Data for processing: Begin
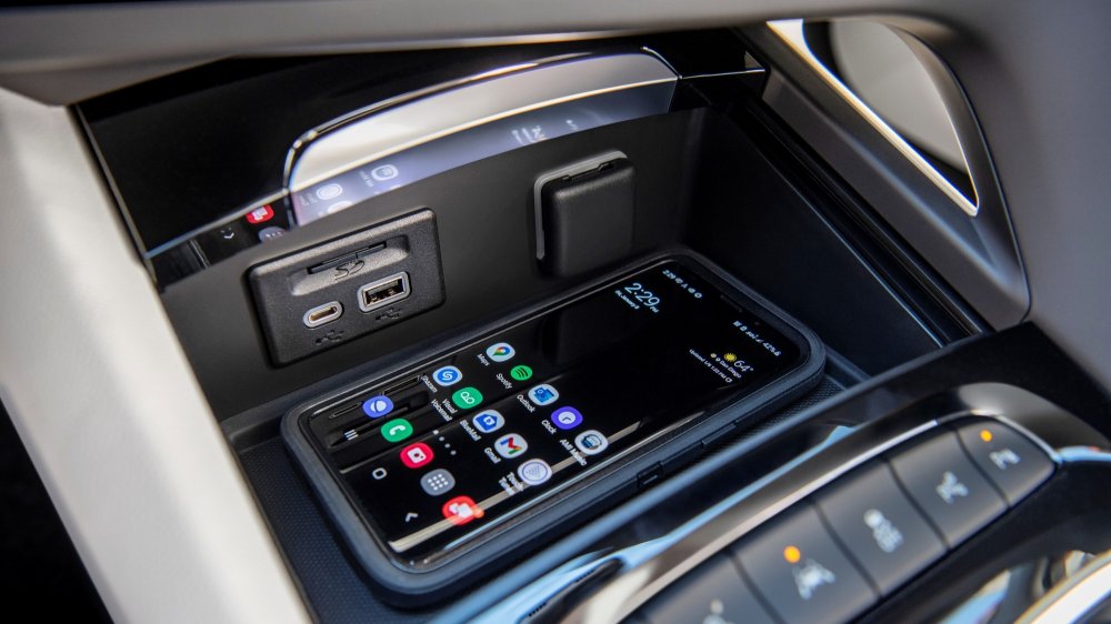 В салоне сохранены стрелочные спидометр и тахометр. 10,2-дюймовый экран мультимедийной системы аккуратно вписан в переднюю панель, а не торчит из неё в виде планшета. Кроме этого экрана ни одной сенсорной панели в Envision нет: блок климат-контроля кнопочный, равно как и селектор АКП. Между передними сиденьями установлен двустворчатый бокс-подлокотник, в который можно залезть, не беспокоя соседа. Лоток для смартфона с USB-разъёмами закрывается крышечкой. Система активного шумоподавления входит в стандартную комплектацию. Также в базу включены сразу девять электронных ассистентов водителя, в том числе система удержания в полосе, мониторинг слепых зон и система AEB (автоматического аварийного торможения) с функцией распознавания пешеходов.
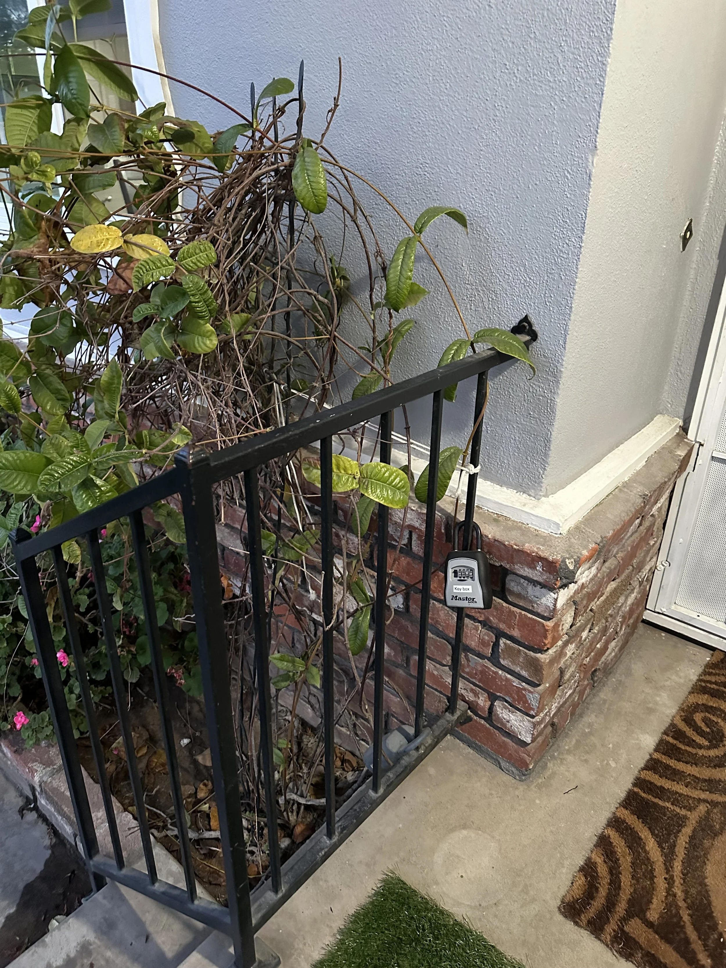📍First, get the key inside the lock box on the front-door porch to unlock the screen door. The lock box code is 5354.
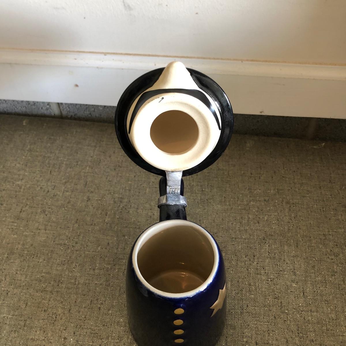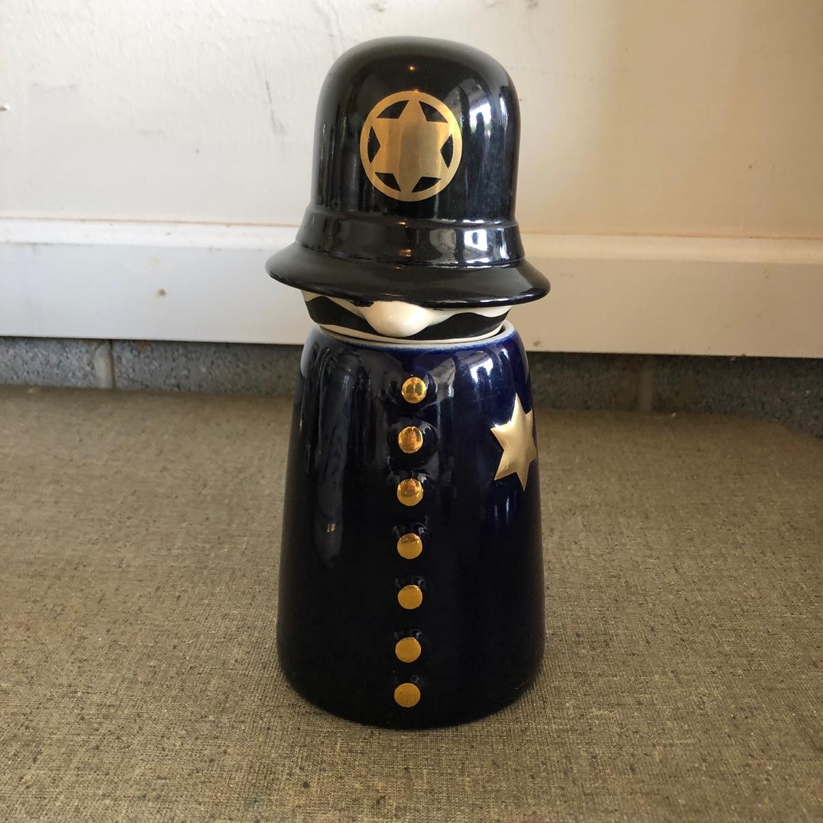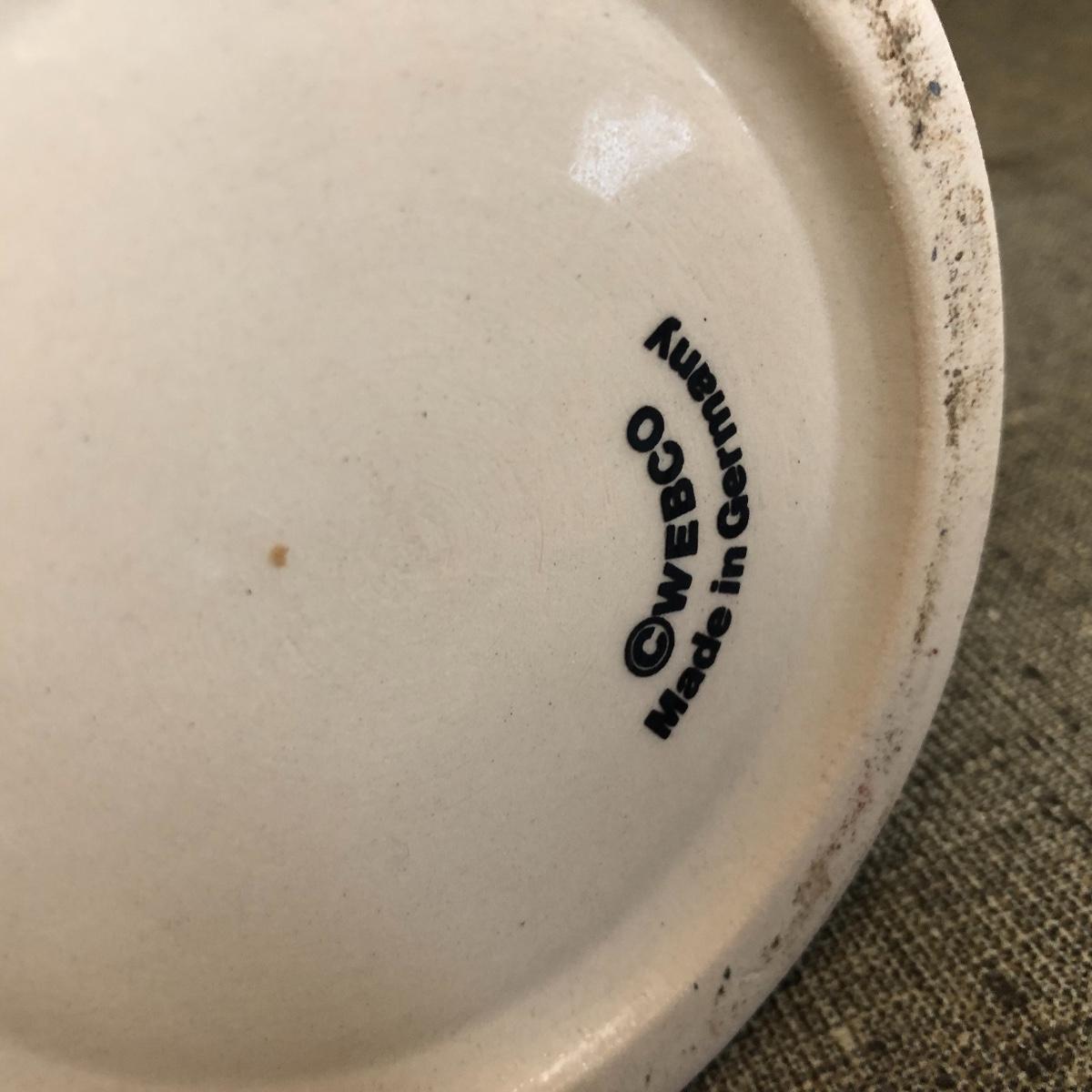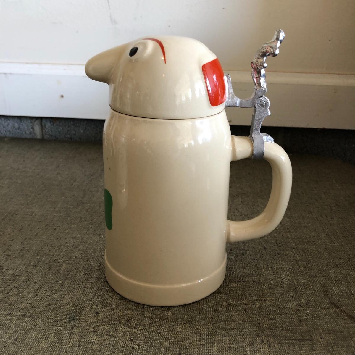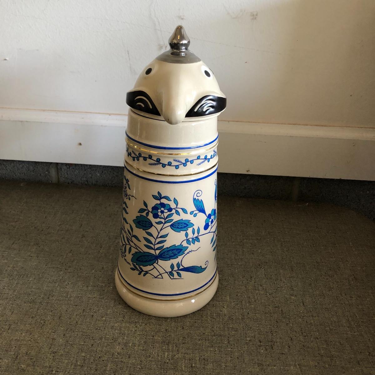 Lot includes Police officer style Beerstein, three leaf clover Beerstein and a mustached Beerstein all marked Webco Made in Germany. Largest Beerstein measures 4.25”D x 11.50”D.
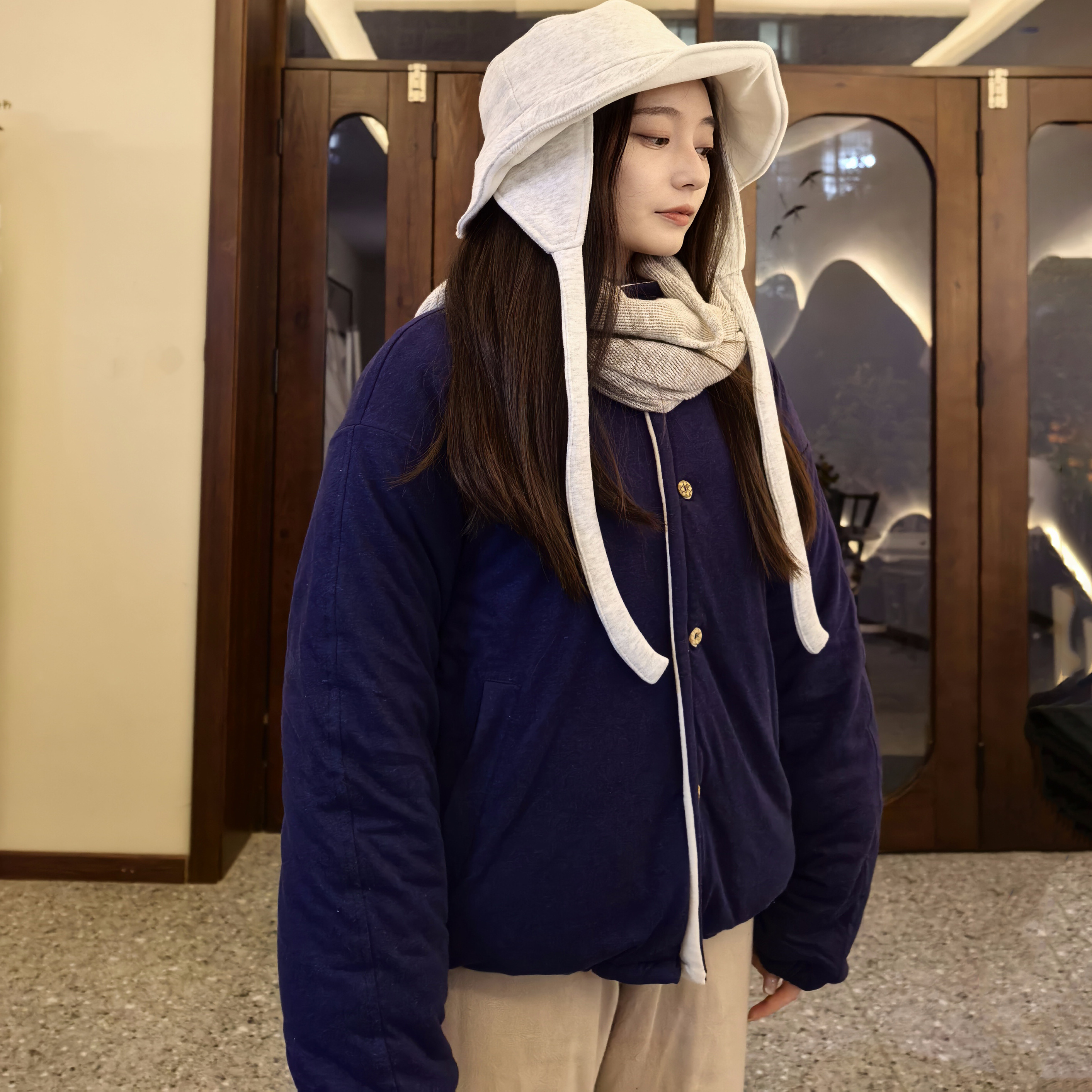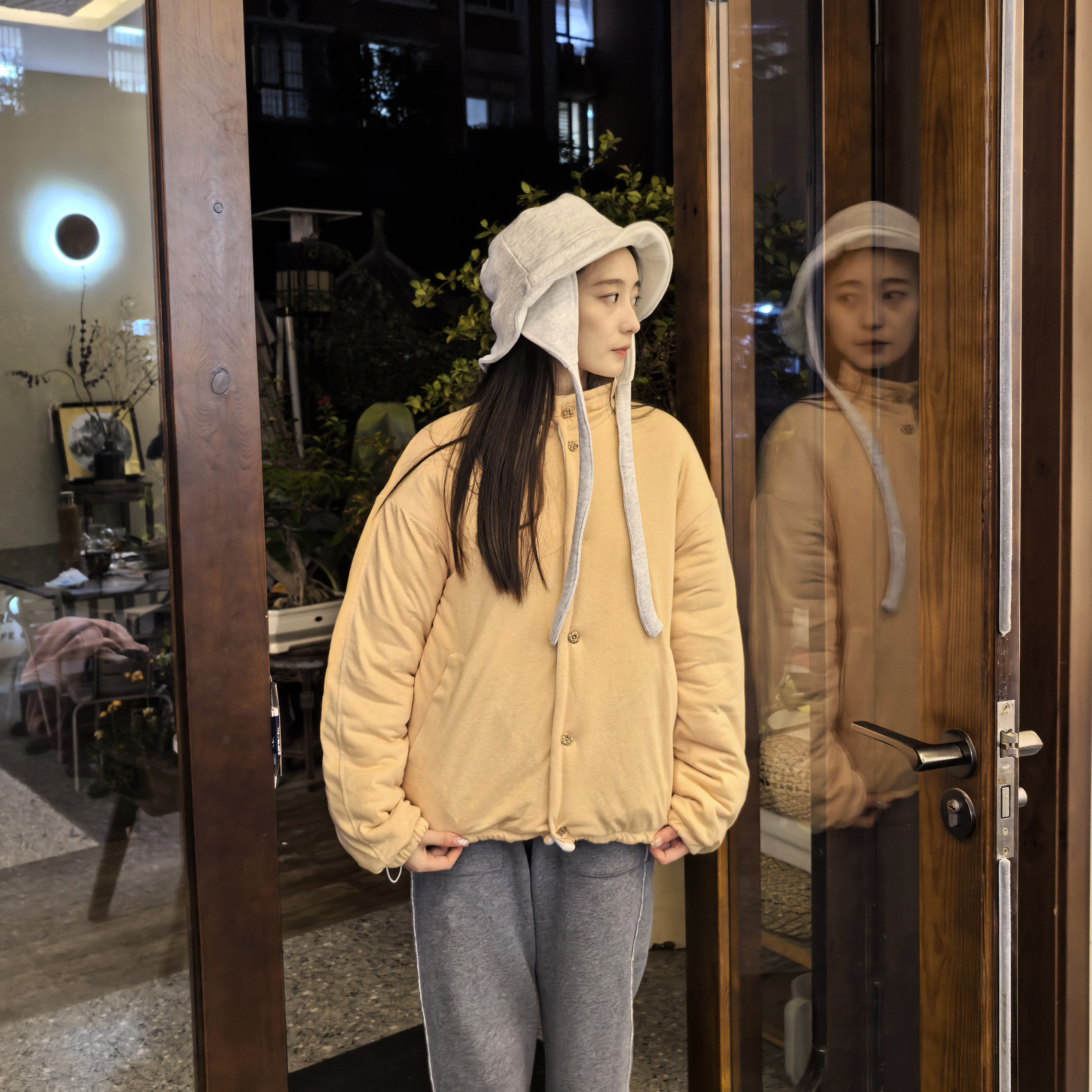 onrays|55%汉麻45%有机棉双面软糯加厚棉衣棉服高领短款外套
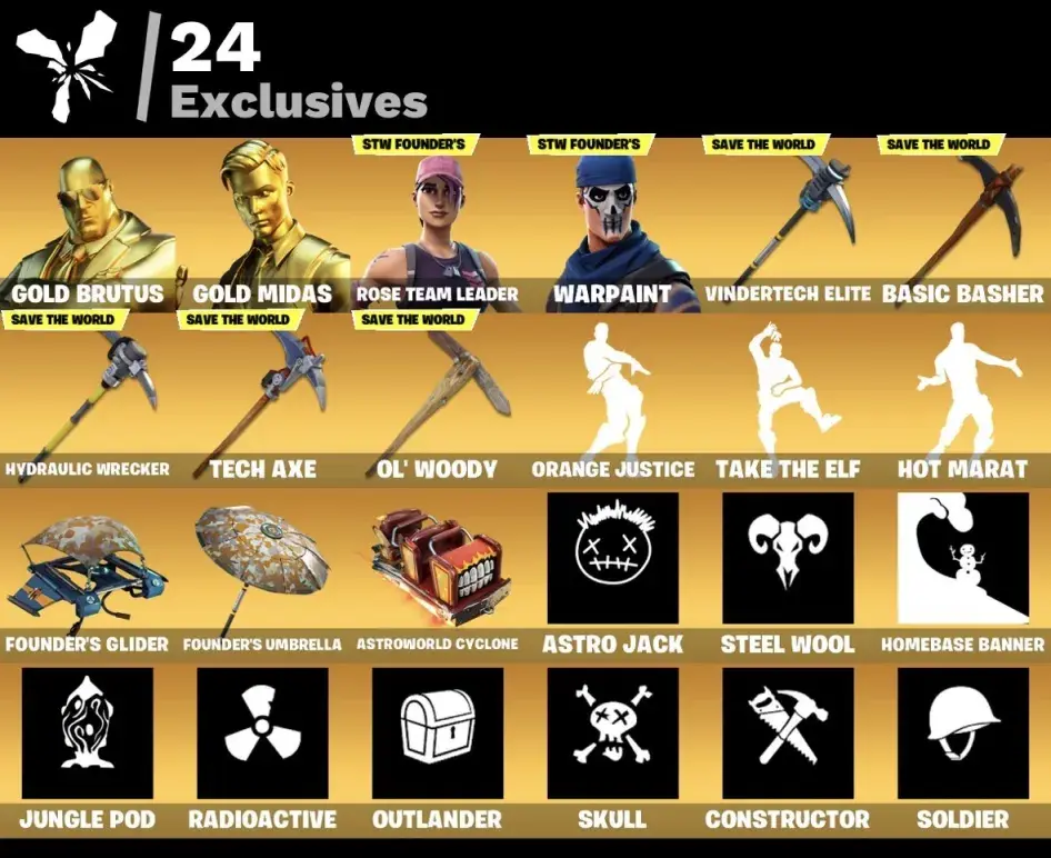 [PC/PSN/XBOX] 🎮 74 Skins | OG STW | 🟡 Gold Brutus, 🟡 Gold Midas | 🤖 Vindertech Elite | 🔨 Basic Basher, 🛠 Hydraulic Wrecker, 🪓 Tech Axe | 🌲 Ol' Woody | 💃 Orange Justice | 💸 805 V‑Bucks
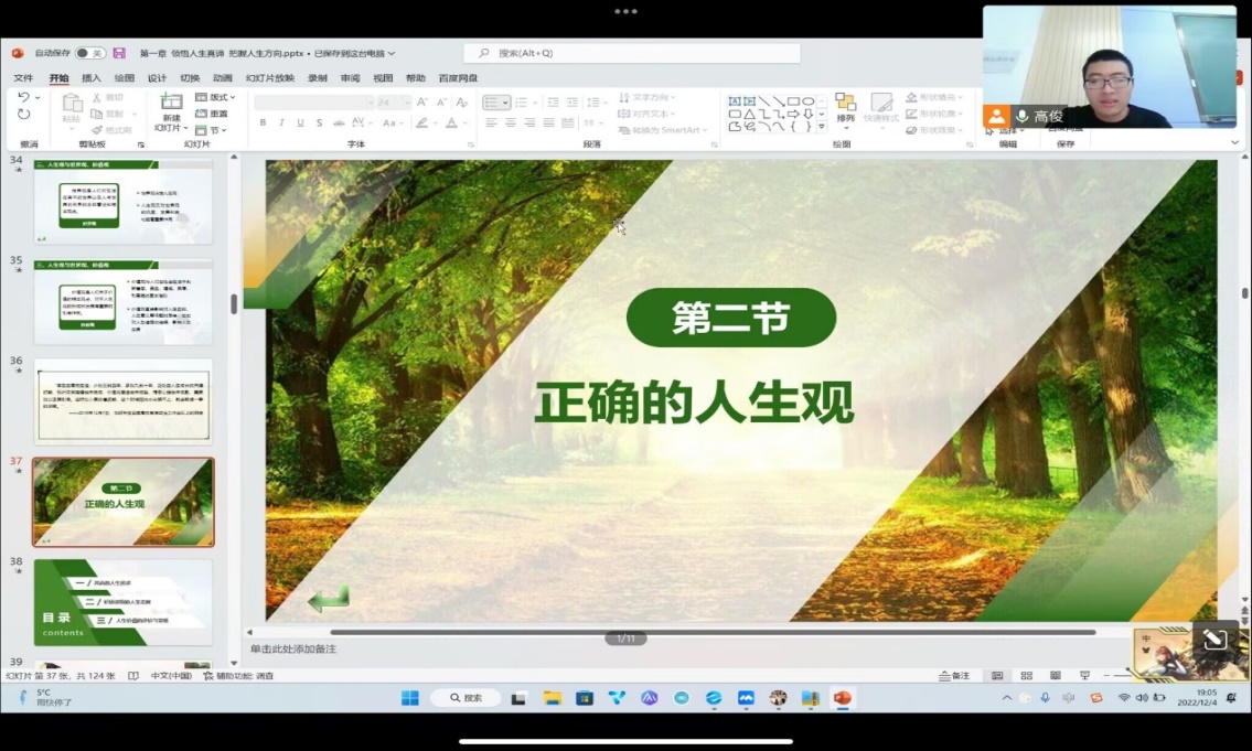 高老师以问题互动的形式切入,得到了同学们的积极回应:什么是人生观、价值观以及世界观?人生观即人为什么活着、人应当如何活着、什么样的人生才有价值,世界观是人生观的理论基础,它给人生观提供一般观点和方法的指导;人生观是世界观的一个方面,是世界观在人生问题上的应用和贯彻。只有在一定的哲学世界观基础上形成的人生观,才是自觉的人生观。世界观还是形成价值观的基础,世界观不同,价值观也就不同。高老师还介绍,黄文秀的入党申请书中写道:“一个人要活得有意义,生存得有价值,就不能光为自己而活,要用自己的力量为他人、为国家、为民族、为社会作出贡献。”作为新时代的青年,我们也应树立正确的人生观,过有价值的人生。
Data for processing: End
What needs to be done: Look above for the line with "Lot includes Police" and the line with "[PC/PSN/XBOX] 🎮 74", then restate exactly those two lines and all lines between them, with no pictures.

Solution to the problem:
 Lot includes Police officer style Beerstein, three leaf clover Beerstein and a mustached Beerstein all marked Webco Made in Germany. Largest Beerstein measures 4.25”D x 11.50”D.
 onrays|55%汉麻45%有机棉双面软糯加厚棉衣棉服高领短款外套
 [PC/PSN/XBOX] 🎮 74 Skins | OG STW | 🟡 Gold Brutus, 🟡 Gold Midas | 🤖 Vindertech Elite | 🔨 Basic Basher, 🛠 Hydraulic Wrecker, 🪓 Tech Axe | 🌲 Ol' Woody | 💃 Orange Justice | 💸 805 V‑Bucks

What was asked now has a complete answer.